Unter dem vertrauten, aber geschärften Design verbirgt sich eine faszinierende Mischung aus klassischer 600er-Tugend und moderner Hightech.

Das Herzstück: Der Reihenvierzylinder-Motor im Detail
Das Herzstück ist und bleibt der 599-ccm-Reihenvierzylinder. Er wurde für die Euro-5+-Norm umfassend überarbeitet und leistet nun 121 PS bei unglaublichen 14.250 U/min. Er ist ein Motor, der gefordert und gedreht werden will. Seine Belohnung ist eine explosive Leistungsentfaltung im oberen Drehzahlbereich, die süchtig macht.

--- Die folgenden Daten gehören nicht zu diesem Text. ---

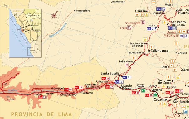 Callahuanca. Ubicacion: 50km al este de Lima Duración: Todo el día. Nivel 3. Abril a Noviembre Distancia total aproximada: 43 km Rango de altitud: 851 – 1760 msnm Viaje en bici por el valle medio del río Rímac. Empieza en Chosica, el inicio es un corto tramo por la carretera central, siguiendo por el desvío a Santa Eulalia y el resto por camino de trocha afirmada, pasando por la Central Hidroeléctrica Barba Blanca, de aquí sigue una corta pero fuerte subida hasta Callahuanca, tranquilo pueblo de agricultores y buena fruta. Regresamos al camino principal por San Jerónimo de Punán. Sol, aire puro, naturaleza, relax, paisajes, comida típica, río, buen clima, libertad. De Lima a Chosica ida y vuelta en vehículo privado. 1 day tour Callahuanca. Location: 50 km east of Lima uration:Full day. Level 2. April to November Approximate total distance: 43 km Altitude range: 851 – 1760 masl Nice bike ride by the mid Rímac river valley. Start at Chosica, the begining is a short section by the Central Highway, following the detour toward Santa Eulalia, the rest by a trail passing by the Barba Blanca hydroelectric power plant, from here follows a short but steep ascent up to Callahuanca, a tranquil town of farmers and good fruti. Return via San jerónimo de Punán. Sun, pure air, nature, relax, landscapes, local cuisine dishes, river, good climate, freedom. From Lima to Chosica, round trip by private car. |

Das Chassis: Ein Meisterstück der Agilität
Die CBR600RR war schon immer berühmt für ihr fast schon telepathisches Handling. Der Brückenrahmen aus Aluminium, die hochwertige Showa Big Piston-Gabel und die Unit Pro-Link-Hinterradaufhängung wurden im Detail verfeinert. Mit nur 193 kg vollgetankt ist sie federleicht und lässt sich mit spielerischer Präzision dirigieren.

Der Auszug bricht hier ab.